Site24x7 Network Traffic Monitoring is a cloud-based traffic analyzer that forms part of several system management packages. Site24x7 offers infrastructure monitoring, website management, and an application performance monitor, and a system for managed service providers.
This tool provides live network traffic monitoring and also stores data for capacity planning and trend analysis. As a cloud service, the dashboard is accessed through any standard web browser. All of the processing for the service is performed on the Site24x7 servers but there also needs to be an agent installed on site.
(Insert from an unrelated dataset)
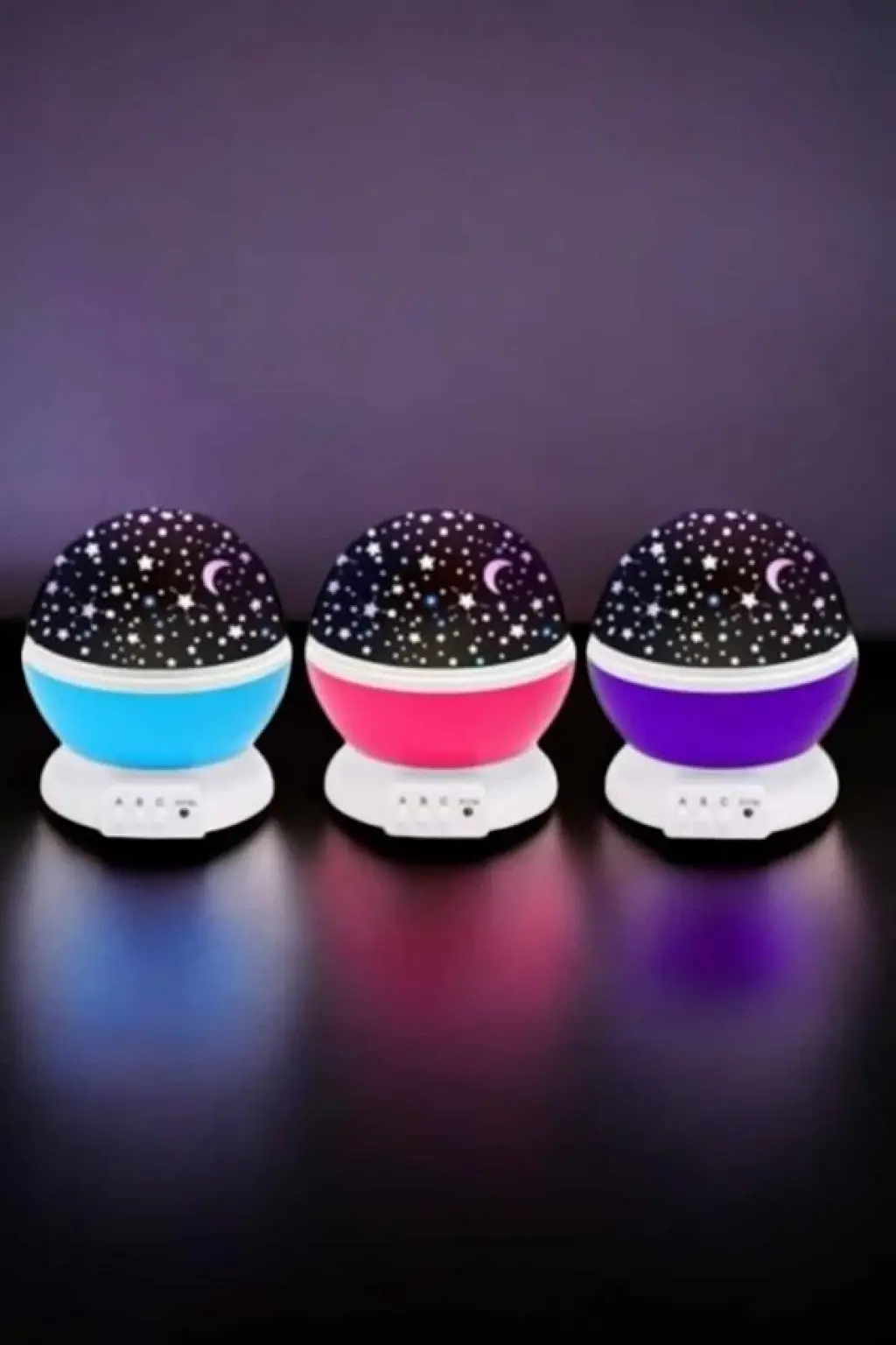 Star Master Yıldızlı Gökyüzü Projeksiyon Gece Lambası, evdeki her köşeye büyülü bir hava katmak için mükemmel bir üründür. Mavi ve mor ışıkların döner yapısı, tavanınıza büyüleyici bir şekilde yıldızlar, gezegenler ve ayı yansıtarak eşsiz bir gece manzarası sunar. Özellikle çocuklar için harika bir gece lambası olan Star Master, karanlıktan korkan çocukların daha rahat uyumasını sağlar. Gözleri rahatsız etmeyen yumuşak ışığı, gece boyunca sakin bir uyku ortamı oluşturur. Ayrıca, ışığın seviyesini ve rengini ayarlayabileceğiniz fonksiyonlarla, odanızda tam istediğiniz atmosferi oluşturabilirsiniz. Dönen yapısı sayesinde tavanınıza hareketli yıldızlar ve gezegenler yansıtarak her an farklı bir görsel deneyim yaşamanızı sağlar. Şeffaf üst kapak sayesinde ışık doğrudan tavana yansıtılabilir ya da farklı bir yönlendirilebilir. 4 adet AAA pil ile çalışan bu projeksiyon gece lambası, enerji verimli bir kullanım sağlar ve her yere kolayca taşınabilir. Star Master, sadece çocuklar için değil, aynı zamanda gece atmosferi yaratmak isteyen herkes için mükemmel bir tercihtir.

The monitor communicates with network switches through a number of protocols. These include NetFlow, sFlow, J-Flow, IPFIX, CFlow, NetStream, and AppFlow. The system extracts traffic statistics and it can also sample packet headers. The information taken from traffic enables the traffic monitor to identify traffic per application, per source and destination, and per user account. The system can communicate with the network devices supplied by more than 200 vendors.
As well as spotting traffic hogs, the analyzer shows time-series graphs and can identify peak hours. This information allows network managers to squeeze extra value out of existing resources by moving non-urgent tasks such as batch administration processes to less busy periods of the day.
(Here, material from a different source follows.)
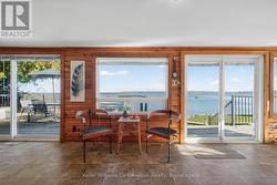 Stunning views from this prime Midland Point waterfront home with 93.87 feet of frontage on Georgian Bay. This Pan-Abode log bungalow offers 2 bedrooms, 3 baths, and a finished basement family room-perfect for year-round living or a weekend escape. Enjoy panoramic views from the boathouse deck, relax in the hot tub, or spend the day on your sandy beach with deep water for swimming and boating. A detached double garage, Bunkie, and updated windows add convenience, while the steel roof, furnace, A/C, and water heater (all new in 2021) plus a Generac generator provide peace of mind. With its open-concept design, natural light, and warm log interior, this home blends rustic charm with modern comfort-an exceptional opportunity to own a true piece of Georgian Bay waterfront. (id:27)

The information shown by the network monitoring system is able to plot traffic loads link by link and also end to end across the network. It is able to spot bottlenecks and assist in traffic-shaping measures, such as queuing and prioritization.
The monitor imposes performance thresholds that are set at levels that allow time to fix problems. If a threshold gets tripped, the service generates an alert. This is shown on the system console and can also be sent out to key personnel as an email, SMS, or voice-calls.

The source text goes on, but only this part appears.